On
this date, August 23, 1939, Nazi Germany and the Soviet
Union sign a non-aggression treaty, the Molotov–Ribbentrop Pact. In a secret addition to
the pact, the Baltic states, Finland, Romania, and Poland are
divided between the two nations.
The
Molotov–Ribbentrop Pact, named after
the Soviet foreign minister Vyacheslav Molotov and the Nazi German foreign
minister Joachim von Ribbentrop, officially the Treaty of
Non-aggression between Germany and the Union of Soviet Socialist Republics, and
also known as the Ribbentrop–Molotov Pact or Nazi–Soviet Pact, was a non-aggression pact signed in Moscow in the late hours
of 23 August 1939.
The
pact's publicly stated intentions were a guarantee of non-belligerence by
either party towards the other and a commitment that neither party would ally
itself to or aid an enemy of the other party. This latter provision ensured
that Germany would not support Japan in its undeclared war against the Soviet
Union along the Manchurian-Mongolian border, ensuring that the Soviets won
the Battles of Khalkhin Gol.
In
addition to stipulations of non-aggression, the treaty included a secret
protocol that divided territories of Romania, Poland, Lithuania, Latvia,
Estonia and Finland into Nazi and Soviet "spheres of influence", anticipating
potential "territorial and political rearrangements" of these
countries. Thereafter, Germany invaded Poland on 1 September 1939. After the
Soviet-Japanese ceasefire agreement took effect on 16 September, Stalin ordered
his own invasion of Poland on 17 September. Part of southeastern (Karelia) and Salla region in
Finland were annexed by the Soviet Union after the Winter War.

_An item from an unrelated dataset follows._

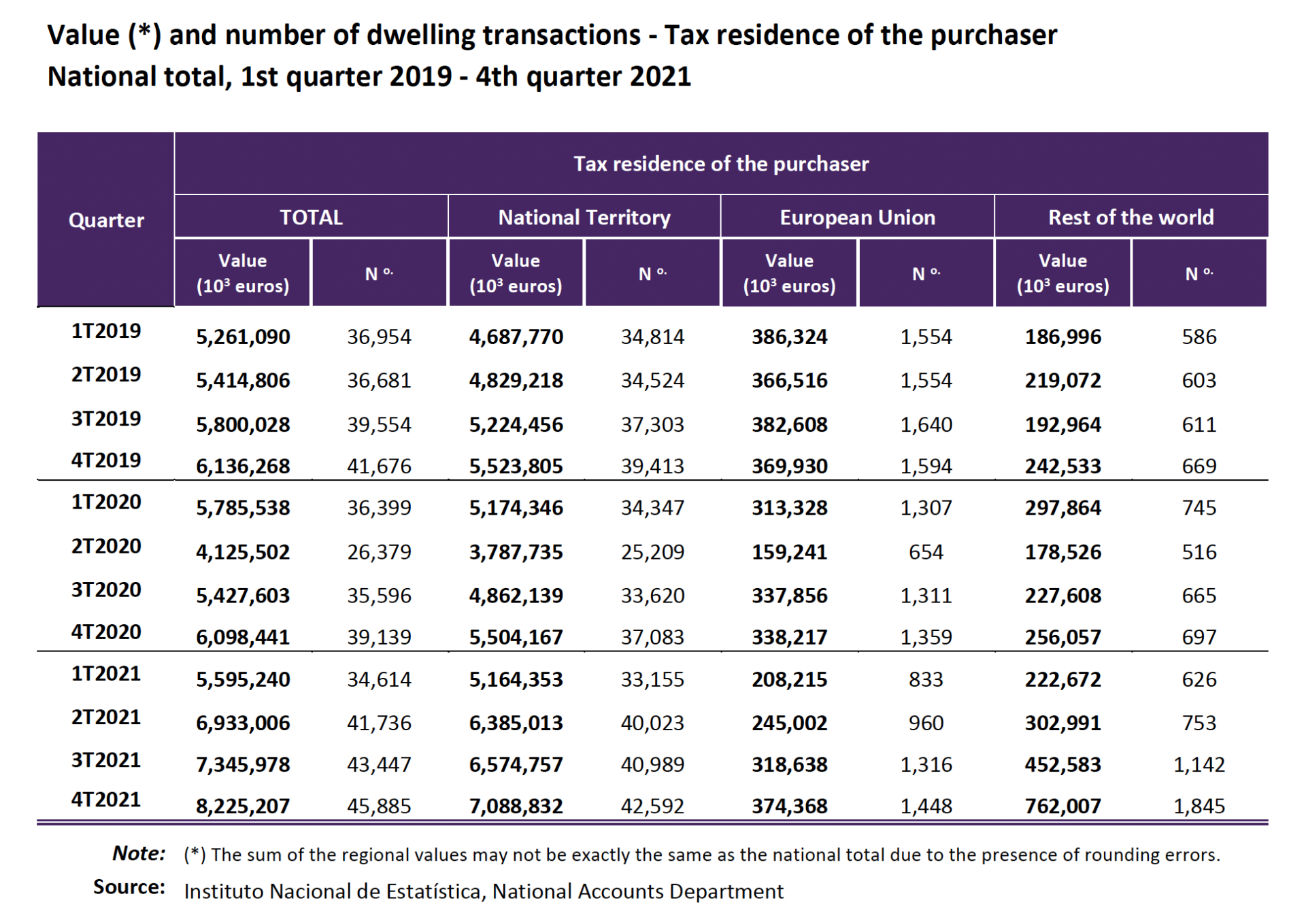 The same report included a detailed Excel table (reproduced below), covering quarterly data from Q1 2019 to Q4 2021. It showed, for each period, the number and value of homes purchased by buyers with fiscal residence in Portugal, the EU, or non-EU countries.

This was followed by Soviet annexations of Estonia, Latvia, Lithuania, and
parts of Romania (Bessarabia, Northern Bukovina and the Hertza region).
The
pact remained in force until the German government broke it by invading the Soviet Union on 22 June 1941.
Of
the territories of Poland annexed by the Soviet Union between 1939 and 1940, the region
around Białystok
and a minor part of Galicia east of the San river
around Przemyśl
were the only
ones returned to the Polish state at the end of World War II. Of all other
territories annexed by the USSR in 1939–40, the ones detached from Finland (Karelia, Petsamo), Estonia
(Ingrian
area and Petseri County) and Latvia (Abrene)
remained part of the Russian Federation, the successor state of the
Soviet Union, after 1991. Northern Bukovina,
Southern Bessarabia and Hertza remain part of Ukraine.